A recent study highlighted differences in RNA concentration between the nucleus and cytosol. In the nucleus where the concentration of RNA is high, ALS related-proteins such as TDP-43 and FUS are soluble, but protein aggregations form in the cytosol where the concentration of RNA is low, suggesting that RNA could serve as a buffer to prevent LLPS [84]. Collectively, these findings indicate that not only are RNAs the binding blocks for RBPs, but may also serve as a solvent to buffer RBPs and prevent LLPS. Accordingly, persistent phase separation under stress conditions could enhance formation of irreversible toxic aggregates of insoluble solidified oligomers to induce neuronal degeneration [148]. Although many neurodegenerative diseases have been associated with RNP granules, and primarily stress granules, it remains to be verified if stress granules/LLPS are causative disease factors in vivo. Many other questions remain to be answered. For instance, are the lncRNAs/RNPs mentioned above actively involved in RNP granule formation? Given that purified cellular RNA can self-assemble in vitro to form assemblies that closely recapitulate the transcriptome of stress granules and the stress granule transcriptome is dominated by lncRNAs [63, 144], it is likely that the RNA-RNA interactions mediated by abundantly expressed lncRNAs might participate in stress granule formation in ALS contexts. Similarly, do prevalent RNA modification and editing events in lncRNAs [159] change their hydrophobic or charged residues to affect LLPS and the formation of RNP granules to give rise to disease pathologies? It will be tantalizing to investigate these topics in the coming years.

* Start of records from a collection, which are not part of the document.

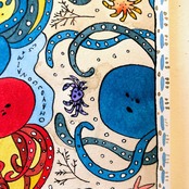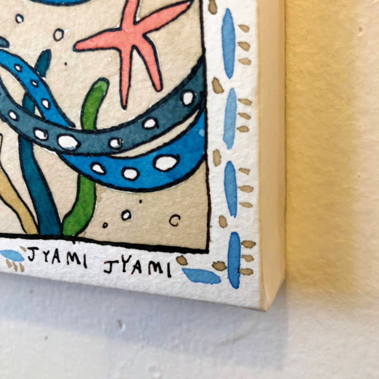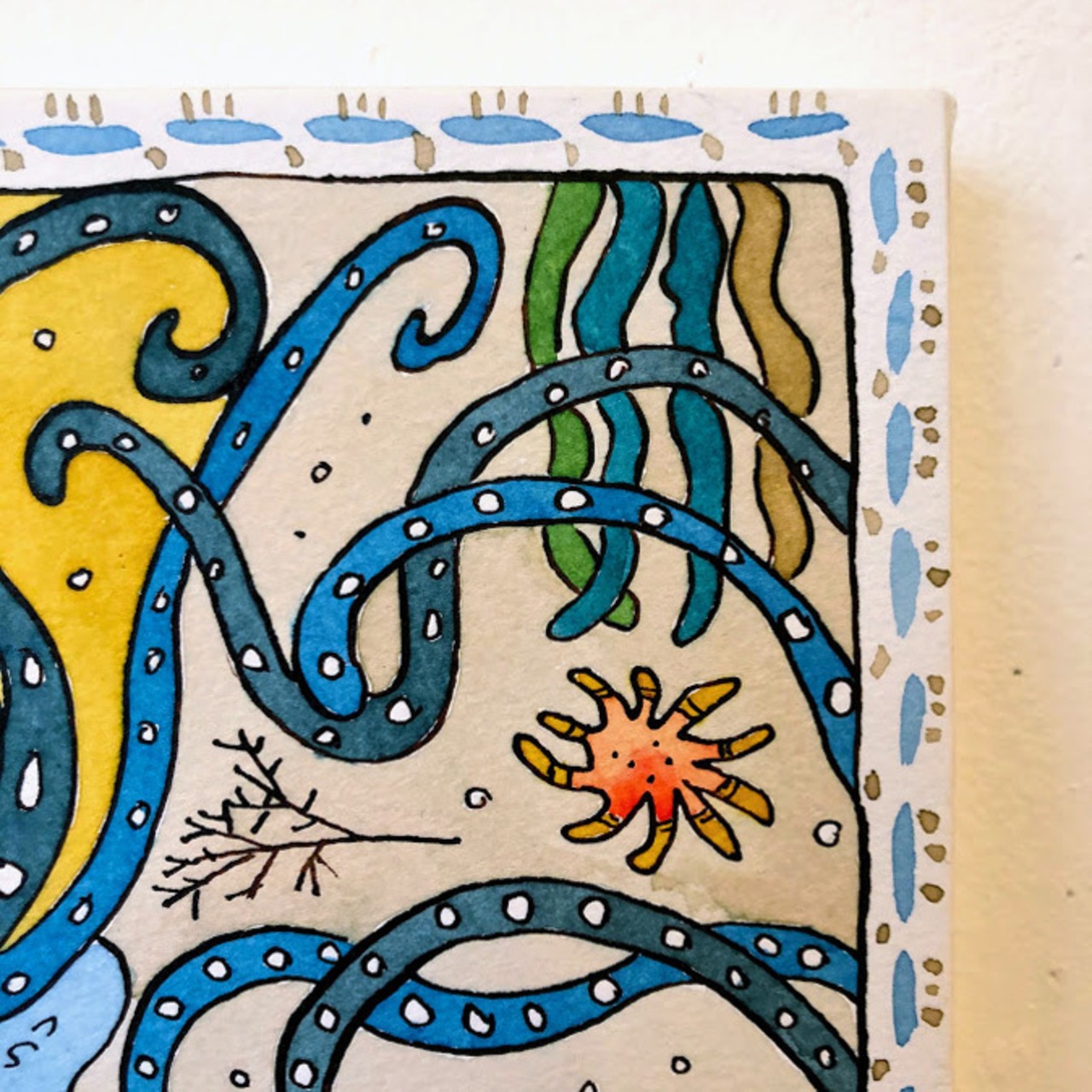 四角の紙の中に日常と生き物、模様をよく描きます。
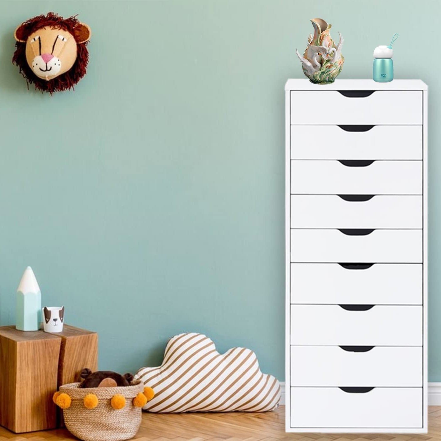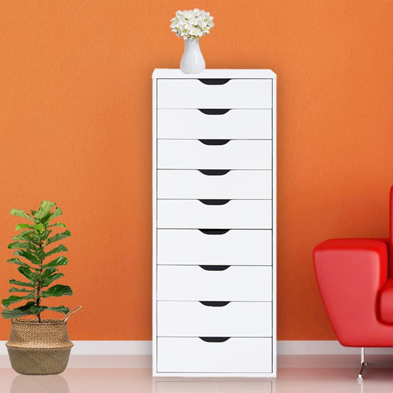 Naomi Home 9 Drawer Dresser for Bedroom, Stylish Tall Makeup Dressers, Storage Shelves, Small Dresser for Closet with 200 lbs Capacity - White
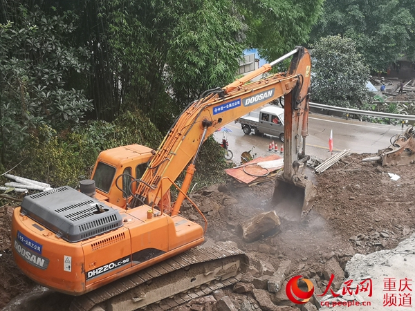 7月16日,萬(wàn)州區(qū)遭遇大暴雨襲擊,時(shí)段內(nèi)降水量達(dá)到100mm左右,國(guó)道318線萬(wàn)州境內(nèi)多處山體垮塌,大小塌方地段有40多處。其中,山洪沖垮了國(guó)道318線與萬(wàn)州長(zhǎng)嶺鎮(zhèn)龍立村鄉(xiāng)道交界處的原有擋墻,形成長(zhǎng)約60米、足有4000多方的大面積滑坡體,造成318國(guó)道臨時(shí)斷通。險(xiǎn)情發(fā)生后,中交一公局三公司萬(wàn)州項(xiàng)目部集結(jié)挖掘機(jī)、裝載機(jī)、沖擊錘等專業(yè)裝備,第一時(shí)間趕赴現(xiàn)場(chǎng)展開(kāi)搶通工作。本著方量先小后大、道路先通后暢的原則,依次實(shí)現(xiàn)絕大部分路段迅速初通,然后集中機(jī)械力量對(duì)兩處較大規(guī)模塌方路段進(jìn)行重點(diǎn)突擊搶通。

Conclusion and perspective

Over the past decade, increasing evidence has challenged the central dogma of molecular biology that RNA serves solely as a temporary template between interpreting genetic information and generating functional proteins [23]. Although our understanding of lncRNAs under physiological conditions is increasing, it remains to be established if all expressed lncRNAs play particular and functional roles during embryonic development and in disease contexts. Versatile genetic strategies, including CRISPR-Cas9 technology, have allowed us to clarify the roles of lncRNA, the individual lncRNA transcripts per se, and their specific sequence elements and motifs [42]. Taking spinal MN development and degeneration as a paradigm, we have utilized ESC-derived MNs and patient iPSC-derived MNs to dissect the important roles of lncRNAs during MN development and the progression of MN-related diseases such as ALS and SMA. A systematic effort to generate MN-hallmark lncRNA knockout mice is underway, and we believe that this approach will help us understand the mechanisms underlying lncRNA activity, paving the way to develop new therapeutic strategies for treating MN-related diseases.